Fostering Global Collaborations at the United States-Africa University Partnerships Initiative Summit 

By: Grace Pregent

Left to right: Dr. Avasha Rambiritch, Prof. Pineteh Angu, and Dr. Grace Pregent 

This February the United States-Africa University Partnerships Initiative Summit brought together partners from public, private, and civil spheres to engage in building sustainable Global North-Global South coalitions. It was a two-day event hosted by the University of Pretoria, and I was honored to represent the Writing Center at Michigan State University. This was my first time in South Africa, and I particularly valued staying at the innovative Future Africa Campus along with other delegates. Each day we walked to the conference facility through the campus gardens, which were designed to highlight how an urban landscape can be utilized as a food resource. 

Participants engaged in dialogue around experiences and lessons learned from collaborative higher education initiatives invested in by the United States Department. The theme was “Equitable and Sustainable Partnerships for Impact,” and in his presentation, Dean Steven Hanson shared about MSU’s extensive history in collaborating with African higher education institutions (fun fact: I learned that out of the 76 languages taught at MSU, 30 are African languages). He also shared about the grant-funded project on developing writing and research capacity led by Co-PIs from the Writing Center and Makerere University in Uganda. I met our Co-PI from Makerere, Prof. Fredrick Muyodi, in person for the first time as we engaged in the conference with several members of MSU’s Alliance for African Partnerships (AAP). 
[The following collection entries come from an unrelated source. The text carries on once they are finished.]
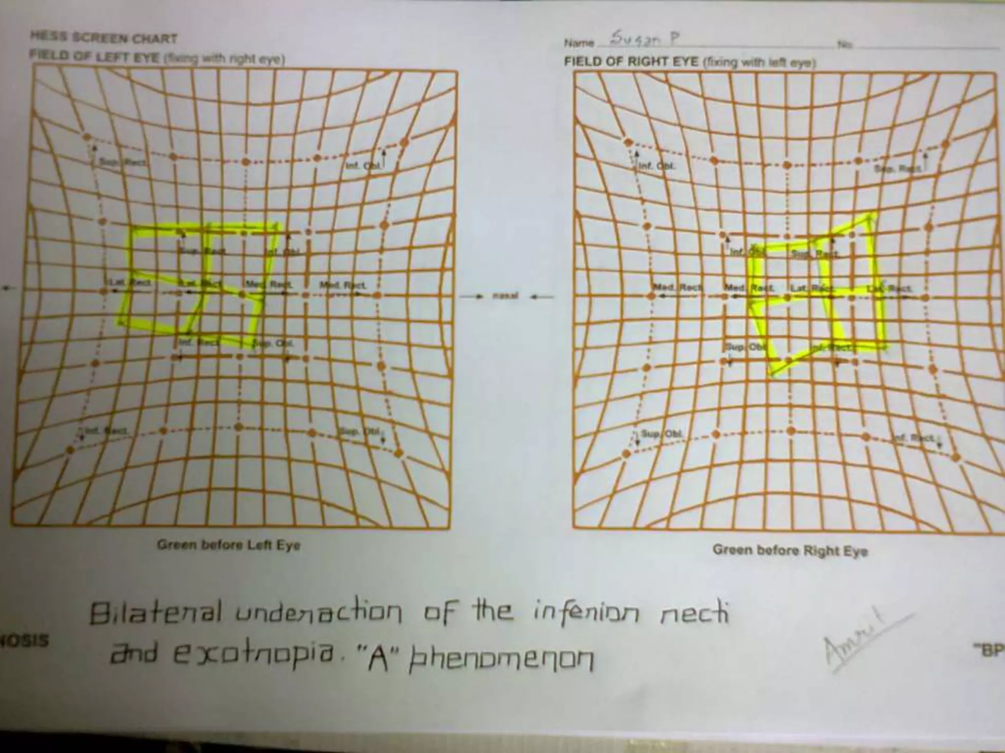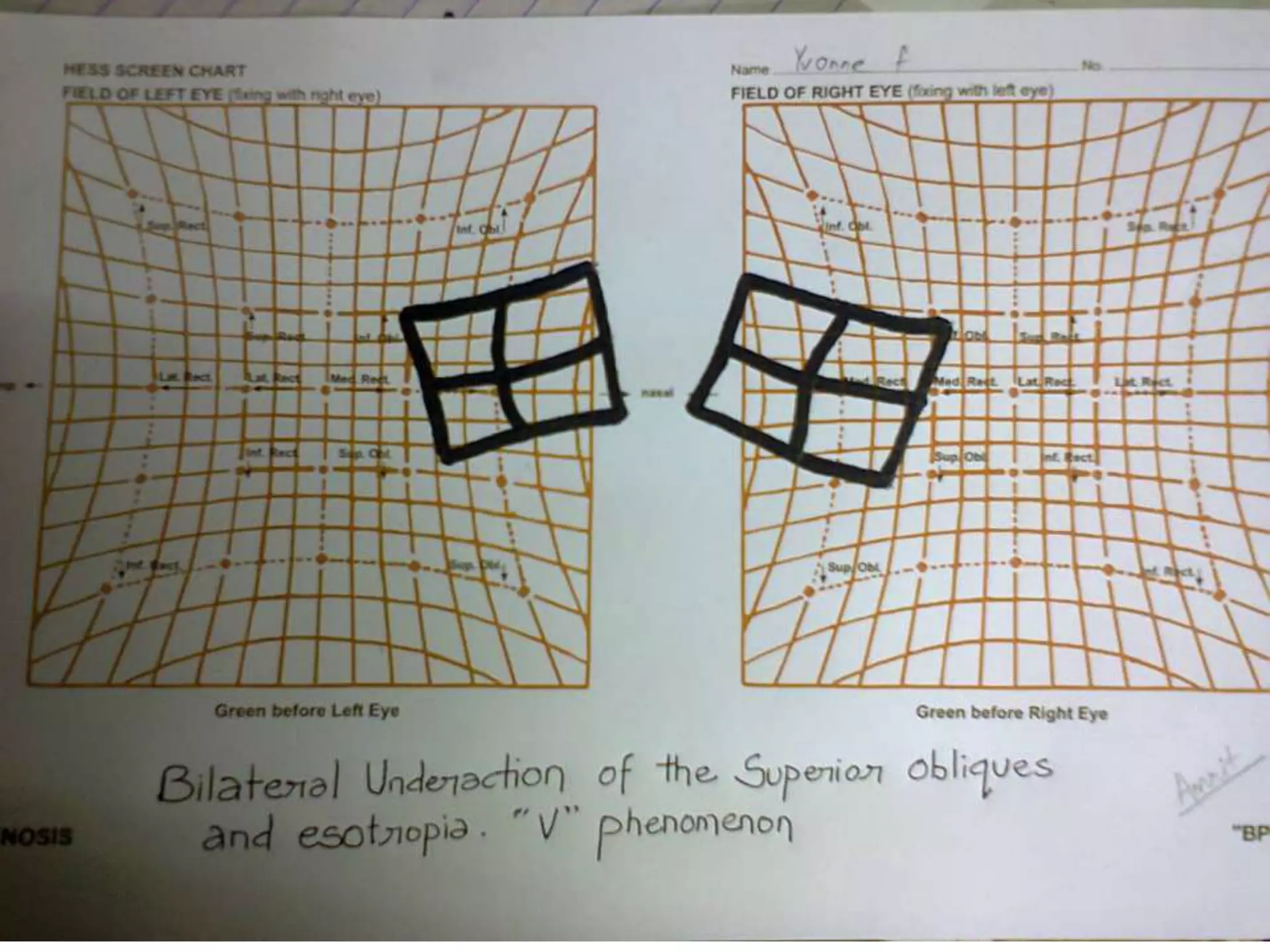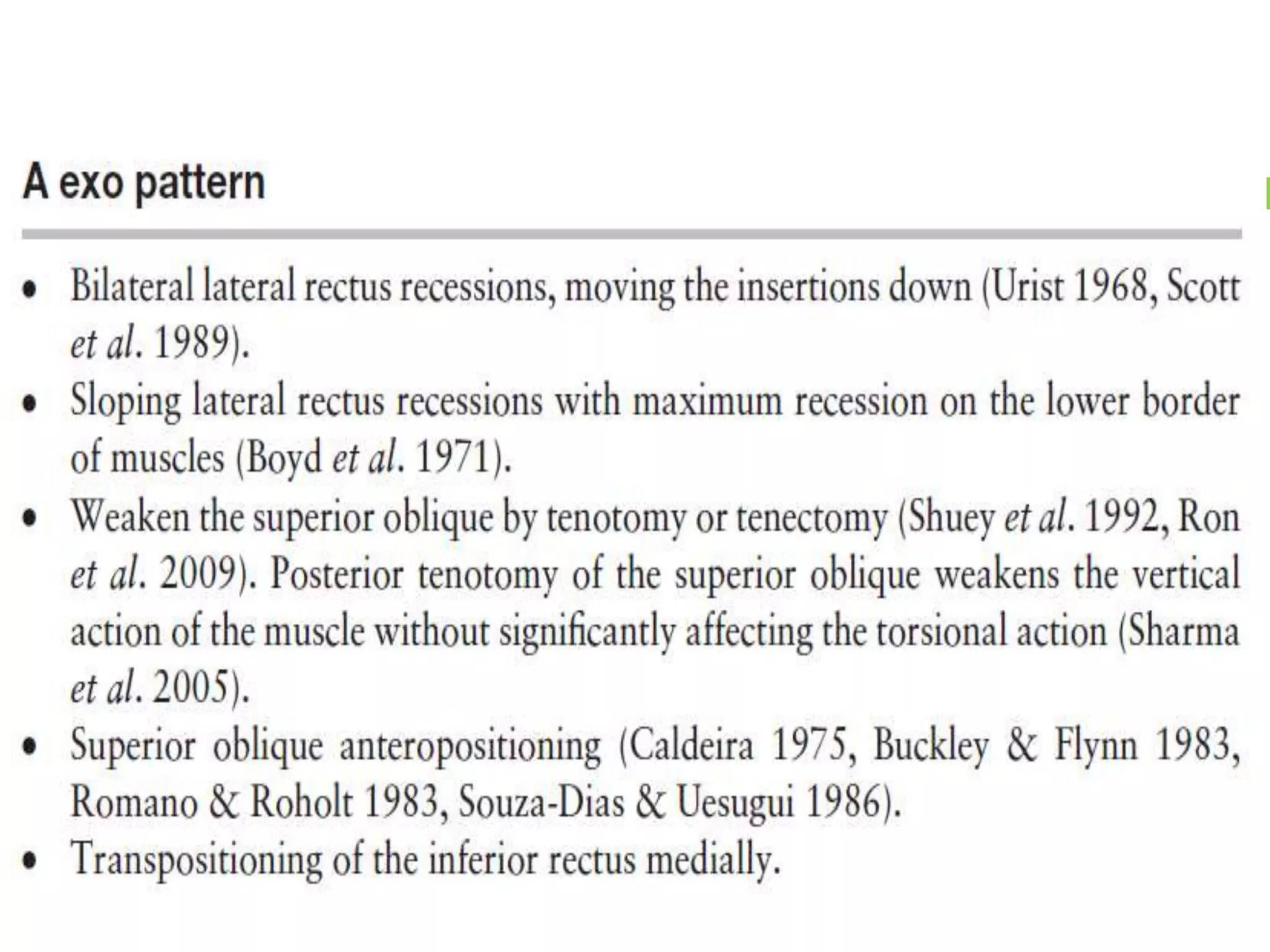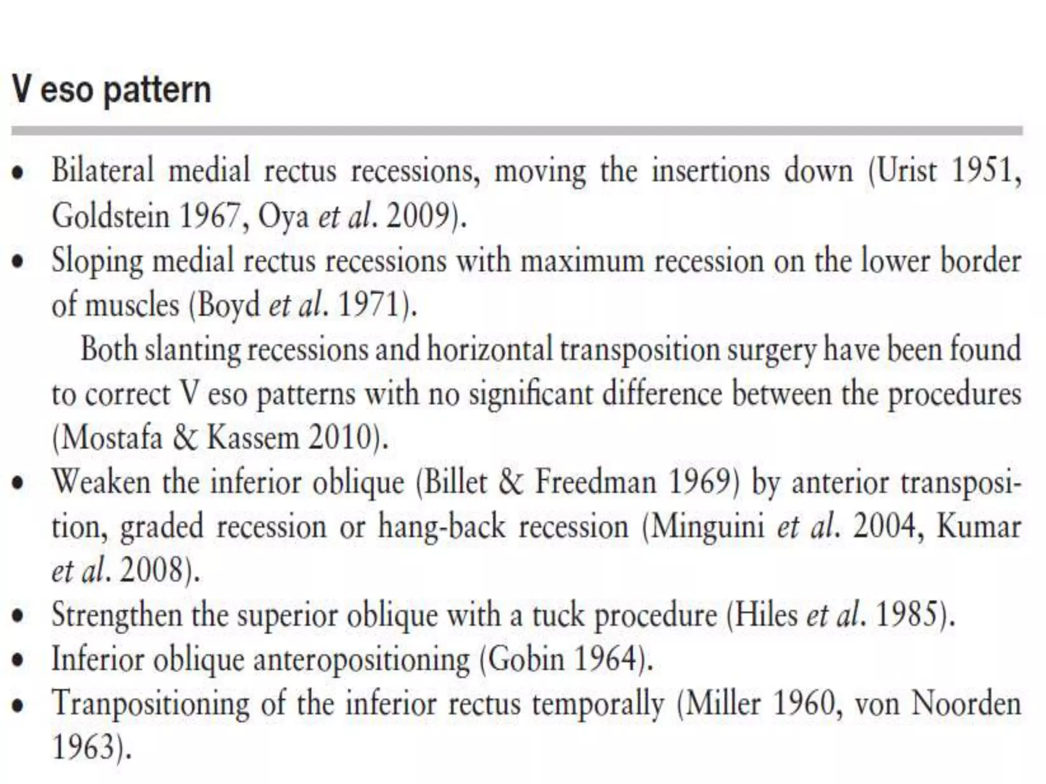 The document discusses patterns of strabismus, specifically the A pattern and V pattern. The A pattern involves relative convergence on upgaze and divergence on downgaze, while the V pattern is the opposite with relative divergence on upgaze and convergence on downgaze. Variants include the X, Y, lambda, and diamond patterns. The etiology of these patterns involves dysfunction of the horizontal, vertical, or oblique eye muscles. Clinical features may include anomalous head posture, amblyopia, and abnormal retinal correspondence. Diagnosis involves measuring alignment in upgaze and downgaze while preventing accommodation.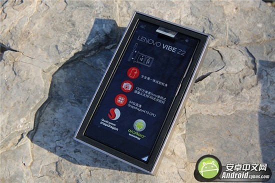 打開盒子後就能看到聯想VIBE Z2這款手機了,手機屏幕上貼著一層印有聯想VIBE Z2特點的保護膜,分別是全金屬一體機身、1300萬像素、64位高通處理器以及安卓系統。
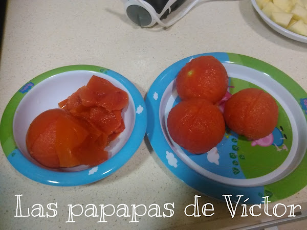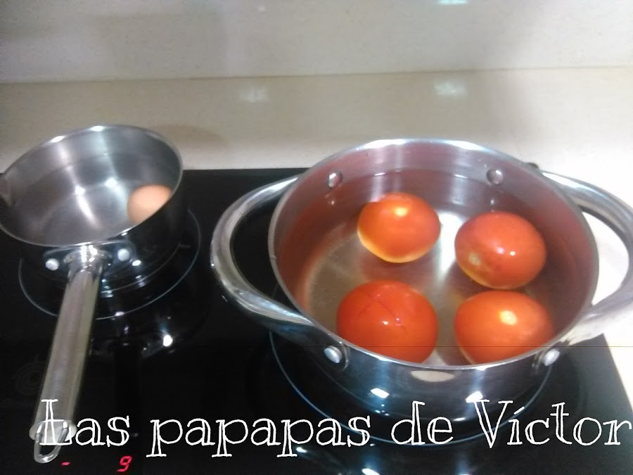 Hacer a los tomates una cruz con un cuchillo y ponerlos en agua hirviendo durante 1-2 min

While attending the summit, I also visited with the University of Pretoria’s Humanities Writing Center (HWC) and Unit for Academic Literacy. Dr. Avasha Rambiritch (HWC Coordinator) and Prof. Pineteh Angu (Director and Associate Professor in the Unit for Academic Literacy) generously hosted me, Prof. Muyodi, and MSU WRAC graduate student Tshepang Mashiloane for lunch and a tour of their writing center. While participating in a roundtable, I learned more about writing centers in the South African context and the grant-funded research taking place at the HWC through video recording consultations and thematically considering culturally cognizant consulting practices. For example, Dr. Rambiritch and the consultants shared about enriching consulting sessions with multilingual metaphors that honor the many languages spoken by their writers and about considering the construct of writing centers as “global villages.” Going forward, we’re keen to work with the HWC on a comparative study of effective writing consultations that would decenter Western practices and ways of working with writers. We also hope to host Dr. Rambiritch as a visiting scholar at Michigan State in the near future (stay tuned).

Since joining the Writing Center in 2019, I have been amazed by the breadth of the Center’s partnerships across communities. Working alongside multiple campus partners including AAP, the African Studies Center, Canadian Studies Center, and the Education Abroad Office, we’re fostering intentional and reciprocal collaborations that offer faculty, staff, students, and community members opportunities to connect across cultures through writing. Together we’re thinking in complex ways about global community making, with all its possible exciting effects, while keeping in mind the potential harm caused by globalization without respect for difference and local context. 

This work energizes me, and with renewed enthusiasm following the summit, I’m excited for the collaborative writing and research possibilities continuing and coming next for the Writing Center at Michigan State and our partners. We have so much to learn from each other.